§ **What the exercise asks**
Show every line below where "Udalak" can be found.

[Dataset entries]
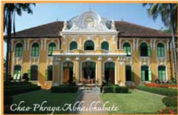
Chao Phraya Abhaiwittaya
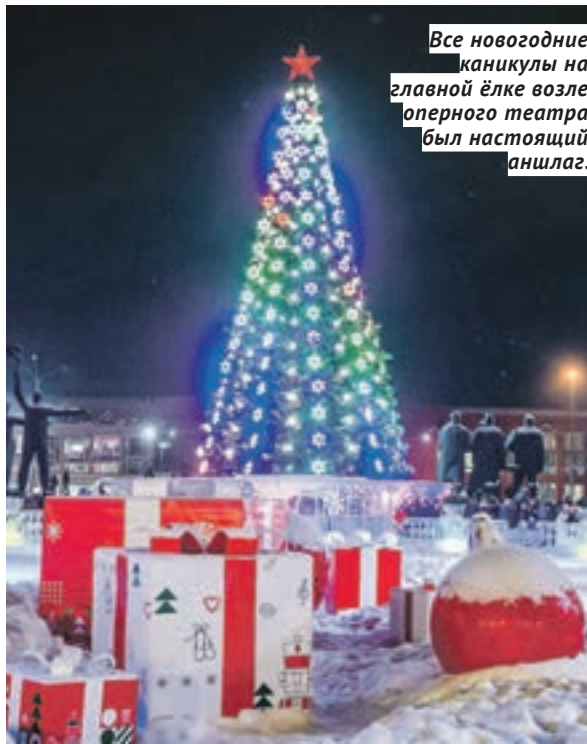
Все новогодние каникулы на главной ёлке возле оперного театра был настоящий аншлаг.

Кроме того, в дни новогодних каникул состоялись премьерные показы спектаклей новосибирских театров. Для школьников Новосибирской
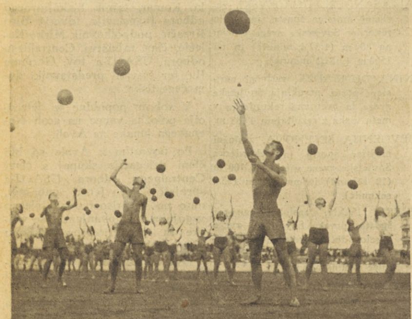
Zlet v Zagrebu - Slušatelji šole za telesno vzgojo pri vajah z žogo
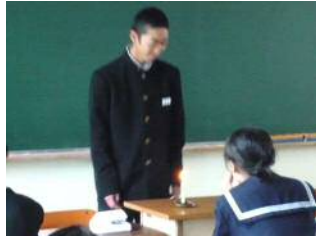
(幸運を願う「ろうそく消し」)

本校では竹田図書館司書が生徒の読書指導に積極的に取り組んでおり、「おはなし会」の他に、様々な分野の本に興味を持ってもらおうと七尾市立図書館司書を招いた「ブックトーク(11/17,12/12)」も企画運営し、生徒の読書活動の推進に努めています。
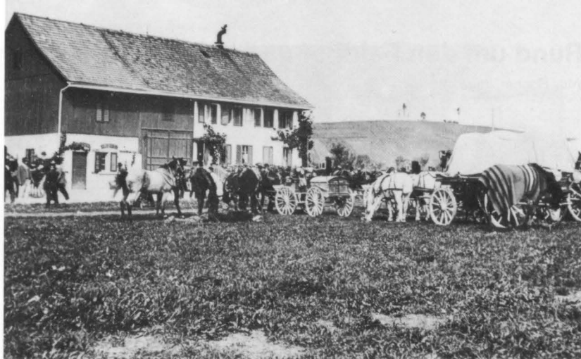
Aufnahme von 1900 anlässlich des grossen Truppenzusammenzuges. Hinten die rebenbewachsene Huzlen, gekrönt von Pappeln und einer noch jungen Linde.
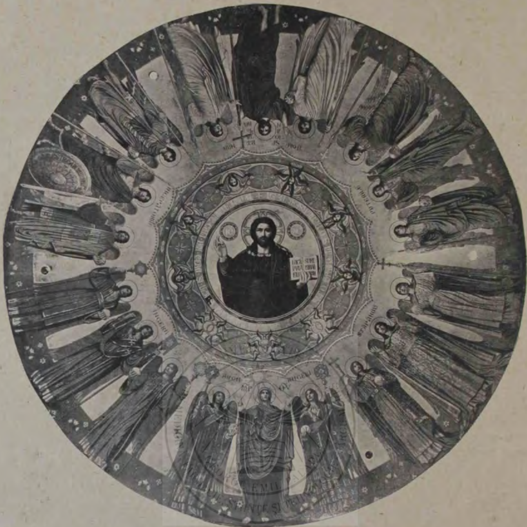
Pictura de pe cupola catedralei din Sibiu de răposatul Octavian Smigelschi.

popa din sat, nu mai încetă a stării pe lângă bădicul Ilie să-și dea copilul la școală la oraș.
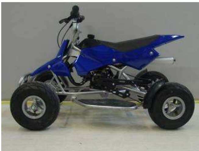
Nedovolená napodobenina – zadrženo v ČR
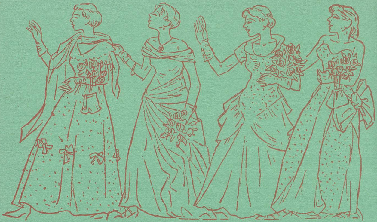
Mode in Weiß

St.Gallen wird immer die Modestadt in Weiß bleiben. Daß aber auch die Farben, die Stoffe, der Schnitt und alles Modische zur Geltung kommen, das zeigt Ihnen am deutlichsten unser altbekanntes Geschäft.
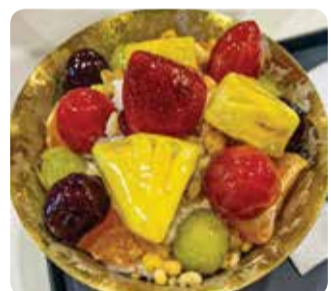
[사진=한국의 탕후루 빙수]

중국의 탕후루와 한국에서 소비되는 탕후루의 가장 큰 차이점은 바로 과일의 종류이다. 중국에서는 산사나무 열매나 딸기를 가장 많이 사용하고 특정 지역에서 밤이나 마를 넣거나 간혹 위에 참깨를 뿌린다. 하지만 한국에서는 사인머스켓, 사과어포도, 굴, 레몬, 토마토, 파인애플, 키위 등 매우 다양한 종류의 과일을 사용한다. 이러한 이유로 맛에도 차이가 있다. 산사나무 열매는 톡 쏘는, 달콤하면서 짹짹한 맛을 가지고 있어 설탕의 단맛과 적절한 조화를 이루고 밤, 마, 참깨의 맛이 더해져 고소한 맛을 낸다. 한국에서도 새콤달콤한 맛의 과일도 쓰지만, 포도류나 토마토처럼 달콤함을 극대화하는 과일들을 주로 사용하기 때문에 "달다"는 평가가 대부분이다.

---

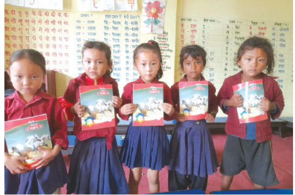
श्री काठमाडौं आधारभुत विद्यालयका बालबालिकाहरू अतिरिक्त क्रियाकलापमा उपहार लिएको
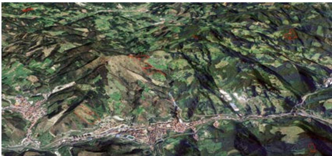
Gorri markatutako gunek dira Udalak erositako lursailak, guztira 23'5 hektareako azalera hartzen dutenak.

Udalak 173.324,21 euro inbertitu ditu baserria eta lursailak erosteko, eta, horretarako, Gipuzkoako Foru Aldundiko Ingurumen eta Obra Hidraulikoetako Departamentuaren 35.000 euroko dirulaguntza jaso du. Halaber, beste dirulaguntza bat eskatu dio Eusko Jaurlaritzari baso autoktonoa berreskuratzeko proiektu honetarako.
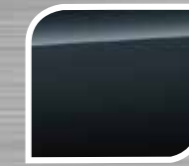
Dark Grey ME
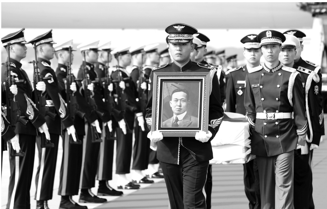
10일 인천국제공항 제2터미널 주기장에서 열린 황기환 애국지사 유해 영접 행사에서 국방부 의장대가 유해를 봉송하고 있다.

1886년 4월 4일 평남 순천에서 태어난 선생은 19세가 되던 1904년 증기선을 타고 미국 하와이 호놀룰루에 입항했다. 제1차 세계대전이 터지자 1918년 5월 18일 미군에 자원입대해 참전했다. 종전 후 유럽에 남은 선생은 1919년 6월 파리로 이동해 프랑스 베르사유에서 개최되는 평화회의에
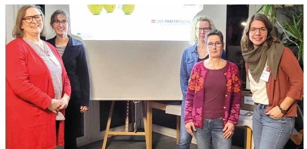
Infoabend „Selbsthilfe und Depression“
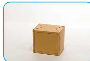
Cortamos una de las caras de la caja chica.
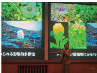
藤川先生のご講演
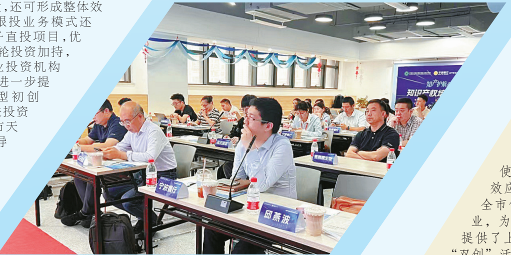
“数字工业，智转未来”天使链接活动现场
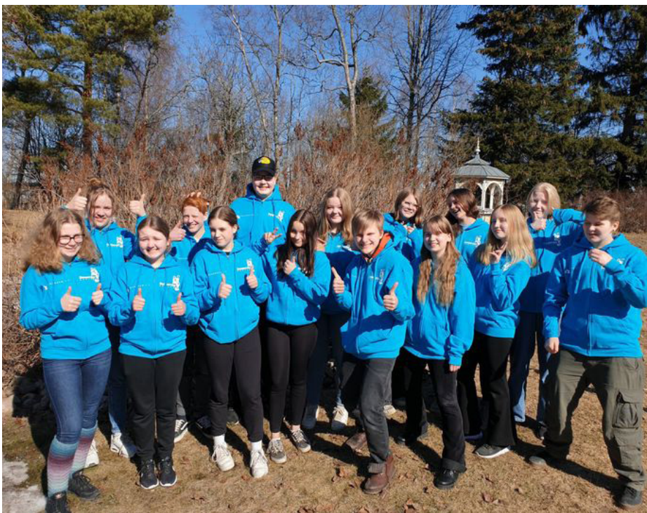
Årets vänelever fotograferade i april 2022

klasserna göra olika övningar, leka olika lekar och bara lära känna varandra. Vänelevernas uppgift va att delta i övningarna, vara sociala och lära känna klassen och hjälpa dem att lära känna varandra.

§ **Response box**
Gorri markatutako gunek dira Udalak erositako lursailak, guztira 23'5 hektareako azalera hartzen dutenak.
Udalak 173.324,21 euro inbertitu ditu baserria eta lursailak erosteko, eta, horretarako, Gipuzkoako Foru Aldundiko Ingurumen eta Obra Hidraulikoetako Departamentuaren 35.000 euroko dirulaguntza jaso du. Halaber, beste dirulaguntza bat eskatu dio Eusko Jaurlaritzari baso autoktonoa berreskuratzeko proiektu honetarako.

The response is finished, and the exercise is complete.